In the listing below, find the line with "Да просто почерком" and copy every line from there up to and including the line with "O edifício contrasta", exactly and without pictures.

Segment Start: PROVIDED RECORDS

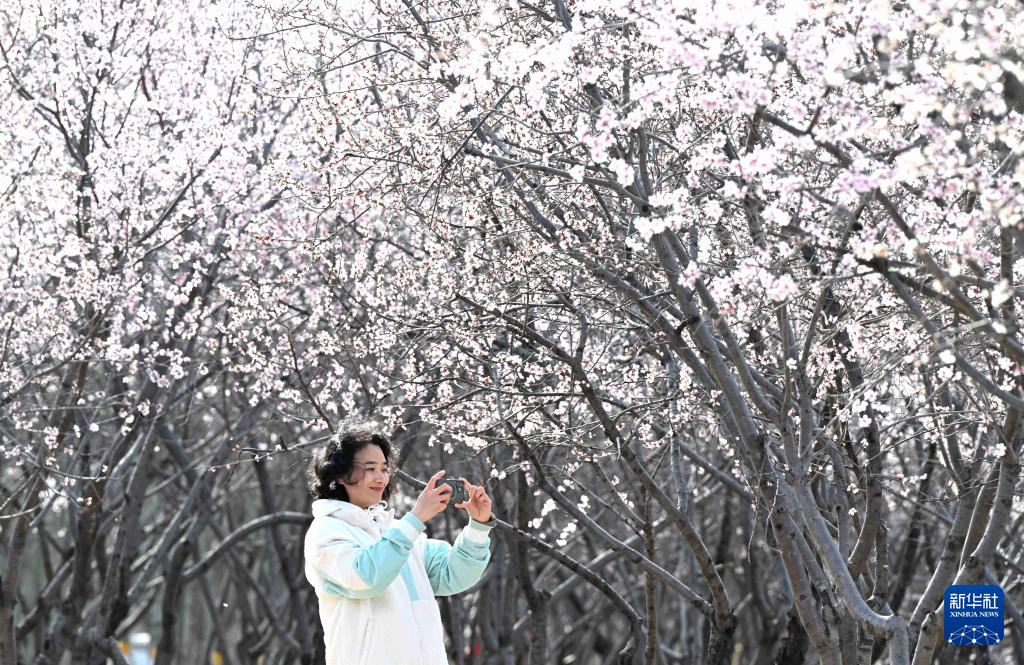 3月18日,游人在河北省石家庄市桥西区环城水系绿地拍摄山桃花。
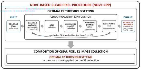 Then, we set the optimal CP threshold by taking the value for which the t-mean FmMVC was the maximum as the CP threshold varied from 1 to 100. Finally, the optimal CP threshold was applied to the S2 cloud mask collection, and the corresponding S2 image collection was composed. The implemented procedure is schematized in Figure 4.
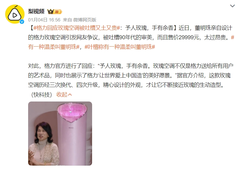 格力的“網(wǎng)紅”氣質(zhì)還體現(xiàn)在一系列“博人眼球”的新品。其中最典型的或許就是董明珠參與設(shè)計的玫瑰系列空調(diào),被網(wǎng)友嘲諷“90年代審美”、“又丑又土又貴”。值得一提的是,格力官方對此回應(yīng)道,該款空調(diào)是歷經(jīng)三次換代、四次升級的藝術(shù)品。
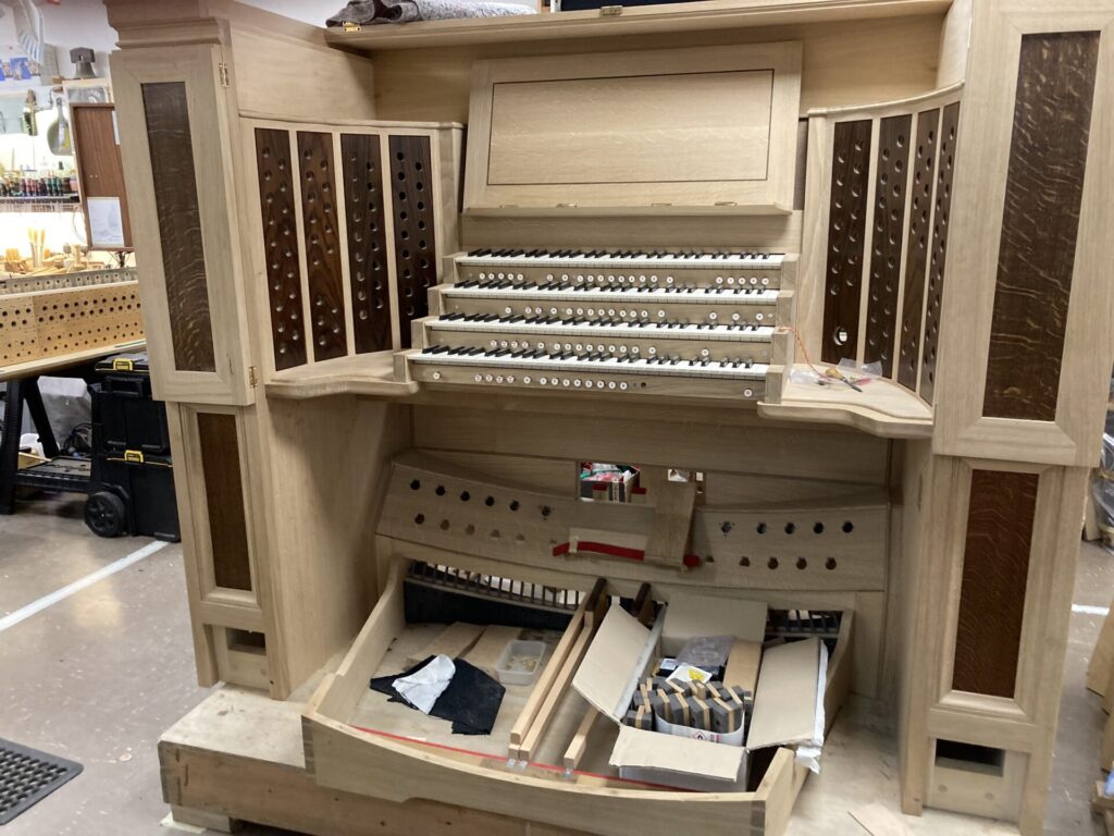 The organ will be returned in almost every way to its 1893 condition including the re-establishment of the original pitch, the manufacture of new actions, new console, chests, and aspects of the wind system, all in a strict replica of the Cavaillé-Coll style. The casework will be returned to its original 1877 appearance with the recreation of the wooden staircases built into either side of the facade.
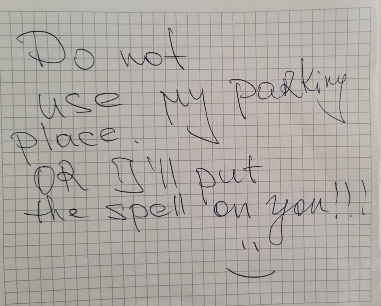Да просто почерком маньяка написала "dear stranger, REMOVE YOUR CAR FROM MY PLACE!
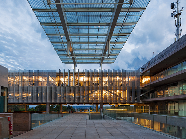 O edifício contrasta a cor natural dos materiais utilizados, o branco da estrutura metálica, o azul do céu e o verde da paisagem envoltória.
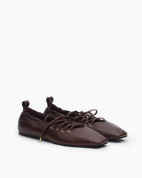 These aren't your studio slippers. Crafted from buttery leather and finished with metal-tipped laces, these sleek flats reimagine a timeless silhouette with a bit of modern attitude. Seemingly delicate in form, they surprise with their flexible soles, elasticated backs, and unexpectedly comfortable feel. Inside, ultra-thin OrthoLite® foam insoles provide the same soft cushioning, recovery, and support as your favorite sneakers, ensuring they feel just as great after a day at the office as they do dancing the night away. Size & Fit • 0.2'' polished leather heel Features & Details • Upper: 100% leather • Lining: 100% sheep lining • Outsole: 100% cow leatherr • Lace-up closure • Top lace (closest to the toe) is fixed and cannot be adjusted or removed • Care: Professional leather cleaner • Imported Product ID: RP6625F537L

Segment End: PROVIDED RECORDS

• EXERCISE RESULT:
Да просто почерком маньяка написала "dear stranger, REMOVE YOUR CAR FROM MY PLACE!
 O edifício contrasta a cor natural dos materiais utilizados, o branco da estrutura metálica, o azul do céu e o verde da paisagem envoltória.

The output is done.